What Is Cost sharing reduction?
A cost sharing reduction (CSR) is a type of financial assistance available to eligible individuals and families who purchase health insurance plans through the Affordable Care Act (ACA) Marketplace. These reductions decrease the amount individuals must pay out of pocket for healthcare services, falling under the broader category of Healthcare Finance and Public Policy.
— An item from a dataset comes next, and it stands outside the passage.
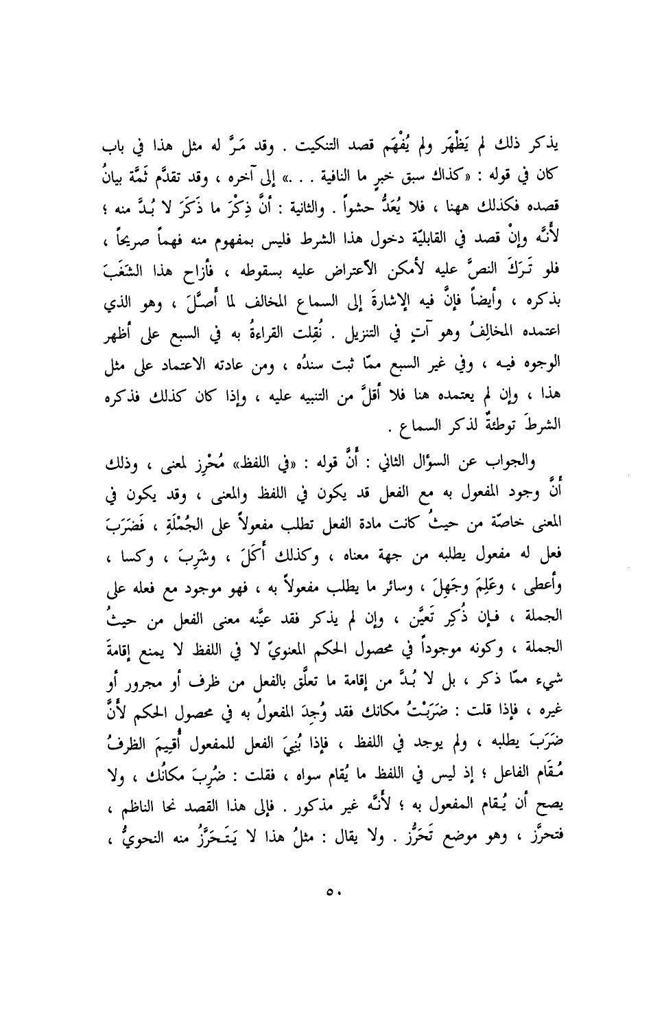 والجواب عن السؤال الثاني: أنّ في قوله: ((في اللفظ)) مُحرز لمعنى, وذلك أنّ وجود المفعول به مع الفعل قد يكون في اللفظ والمعنى, وقد يكون في المعنى خاصة من حيث كانت مادة الفعل تطلب مفعولًا على الجملة, فضربَ فعل له مفعول يطلبه من جهة معناه, وكذلك أكلَ, وشربَ, وكسا, وأعطَى, وعلِمَ وجهلَ, وسائر ما يطلب مفعولًا به, فهو موجود مع فعله على الجملة, فإن ذُكر تعيّن, وإن لم يذكر فقد عيّنه معنى الفعل من حيث الجملة, وكونه موجودًا في محصول الحكم المعنوي لا في اللفظ لا يمنع إقامة شيء مما ذكر, بل لابد من إقامة ما تعلق بالفعل من ظرف أو مجرور أو غيره, فإذا قلت: ضربْتُ مكانك فقد وُجدَ المفعول به في محصول الحكم لأن ضَرَبَ يطلبه, ولم يوجد في اللفظ, فإذا بُنيَ الفعل للمفعول اُقيمَ الظرفُ مُقام الفاعل؛ إذ ليس في اللفظ ما يُقام سواه, فقلت: ضُربَ مكانُك, ولا يصح أن يقام المفعول به؛ لأنّه غير مذكور. فإلى هذا القصد نحا الناظم, فتحرّز, وهو موضع تحرُّز. ولا يقال: مثلُ هذا لا يتحرّز منه النحوي,

Cost sharing reductions specifically lower costs like deductible, copayment, and coinsurance for those who qualify11. This mechanism aims to make healthcare more accessible by reducing the financial burden at the point of care.
History and Origin
Cost sharing reductions were established as part of the Affordable Care Act (ACA), enacted in 2010. The ACA aimed to expand health insurance coverage and make it more affordable. To address the issue of high out-of-pocket costs, which can deter individuals from seeking necessary medical care, the law mandated that insurers offer plans with reduced patient cost-sharing for marketplace enrollees within certain income thresholds10. The federal government was intended to reimburse insurers for these reductions. However, a legal dispute arose regarding the appropriations for these payments, leading to a significant period of uncertainty and litigation. In October 2017, the Trump administration ceased making direct payments to insurers for CSRs, citing a lack of a specific congressional appropriation9. This decision had a ripple effect, prompting many insurers to adjust premiums, particularly for "silver" level plans, to offset the loss of these payments. Despite the cessation of direct federal payments, insurers are still legally required to provide cost sharing reductions to eligible enrollees, and several court rulings have since affirmed that the federal government owes insurers for these unpaid reductions8.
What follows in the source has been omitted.